In combination with #1132, this could introduce the following model:

• Create an App. Until it has has created at least one child resource, it can simply be deleted.
• On first reconciliation / install, add a finalizer to the App resource immediately before writing other resources to the cluster, but after validating the service account's read access to the cluster.
  • At the same time, add an ownerReference with blockOwnerDeletion to the ServiceAccount used by the App.†
• On deletion, the serviceAccount will still be valid (possibly with a deletionTimestamp) when the App is deleted.
• When changing spec.serviceAccountName, the new ServiceAccount will need to be added as an ownerReference at the same time the old service account is removed. Note that if the new serviceAccountName does not point to a valid service account, we could have the same problem.
• It's not clear to me what should be done with respect to ownerReferences when spec.serviceAccountName is empty.

† Note that adding this ownerReference may change an App from being an independent object to an object subject to garbage collection, i.e. if the ServiceAccount is deleted.
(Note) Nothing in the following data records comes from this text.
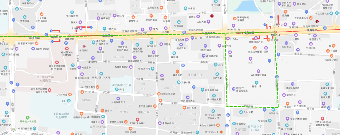(2)??空军c:夾河高中(大彭鎮(zhèn))、大彭醫(yī)院、霸王山水泥廠、十八屯、徐州誠遠(yuǎn)眼耳鼻喉醫(yī)院、雨潤新城、火花農(nóng)貿(mào)市場、生物工程學(xué)院北門、奎山散熱器公司、徐醫(yī)附院華豐分院、出入境辦理中心、小康人家、段南新村、段莊、礦務(wù)局、工人醫(yī)院、市二院、浦發(fā)銀行、彭城飯店、中央百大(單邊)。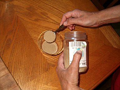 | 1 | Measure 2 tablespoons of yeast into the small pyrex dish. |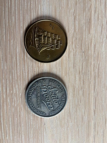 Biete zwei Münzen von von der Seute Deern Bremerhaven konnte man damals im Restaurant auf dem Schiff mit bezahlen 50 DM mit der Goldenen und 25 DM mit der Silbernen.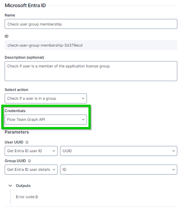 フルセットアップ手順については、[ワークフローのための Entra ID 統合](https://docs.nexthink.com/platform/ja/library-packs/faq/entra-id-integration-for-workflows) を参照してください。

If the App is part of some larger constellation like a PackageInstall, it will have two ownerReferences, and both will need to be deleted.

[ryanjbaxter]

What is the best way to resolve this once you get into this stat? You can't recreate the service account because the namespace is Terminating so I am not sure how you actually delete the apps to allow the namespace to be deleted.

[praveenrewar]

@ryanjbaxter If you are already in this state, then you can remove the finalizers on the App CR. This might have side effect, if there were any resources created outside the namespace by the App, then those would still remain.

[ragaskar]

So ... I got this wedged pretty good just now when a tanzu package install of cert manager failed on a vCenter 8 TKG 2.2 cluster. Not totally sure that is supposed to work -- but I couldn't edit the finalizers on the App CR because kubectl claimed it couldn't find the app (even though it was letting me edit it). I finally had to issue a "create namespace cert-manager" and THEN kubectl let me edit the app and remove the finalizers. I also had to remove some remaining cert manager service account stuff (clusterrole, maybe some other cluster-scoped stuff) by hand. n.b., you have to "replace" finalizers with an empty array -- just deleting the key will leave the original value there and it will stay stuck.
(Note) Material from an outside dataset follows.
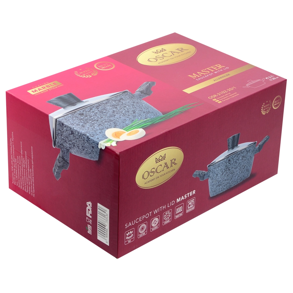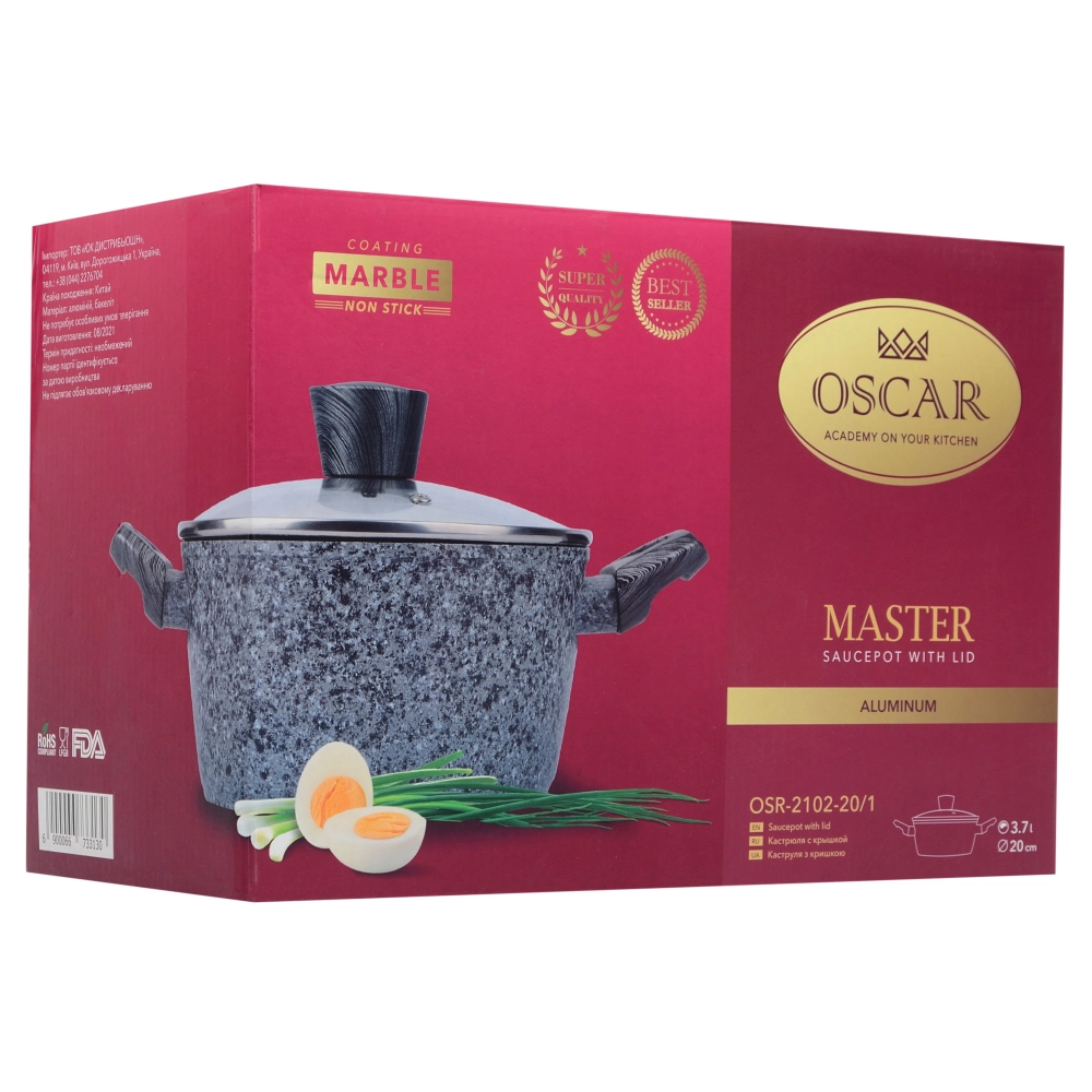Каструля OSCAR MASTER глибока алюмінієва 20 см 3.7 л з кришкою OSR-2102-20 1 OSR-2102-20 1 - інтернет магазин europosud.ua!

I'm fairly new to k8s, but this is definitely one of the trickier situations I've had to try to get myself out of. Any additional pointers or automated things that could have been done would have helped me.
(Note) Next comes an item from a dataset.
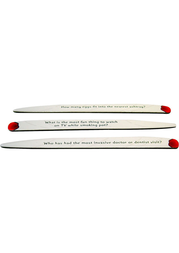 Players take turns selecting one of the 50 joint discussion sticks and reading one of the sides aloud. After which, they discuss each topic and collectively agree on an appropriate answer together. For 4-20+ players.
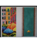 A beautiful village scene on an eyeglass case that is hand-painted on 18 ct canvas and measures 3.5x7".

EDIT: by the way, for others experiencing this problem, I'll share my root issue as a possible lead (as someone new to k8s, a hint like this would've help me a lot). Deep under the hood, (i.e., PackageInstall -> App -> ... -> ReplicaSet -> ) pods were failing to spin up in the cert-manager namespace due to lack of permissions (the namespace did not allow privileged pods). Instead of trying to "delete" my way out at the namespace level, I gather the "right" way to fix would have been to update the namespace to allow privileged pods (depends on your k8s version, but for me it required adding a label) and then retrying the pod deploy. I think this would have happened automatically on some cadence, but in my case, I was able to speed it up by deleting the failing ReplicaSets, which were then immediately re-created by the parent App and then, since the namespace now had the right permissions, the pods deployed within seconds. Again, being new to k8s, deleting this resource to "retry" seemed pretty scary to me (am I going to break something?), but might be an obvious step to someone more experienced. Anything the tool could have done to give me more hints around figuring this out would have been helpful. e.g., maybe errors from pods could be rolled up somehow and displayed at time of failure vs. me having to "know" where to look for the error I need to fix (some of this isn't really in kapp's domain, to be fair).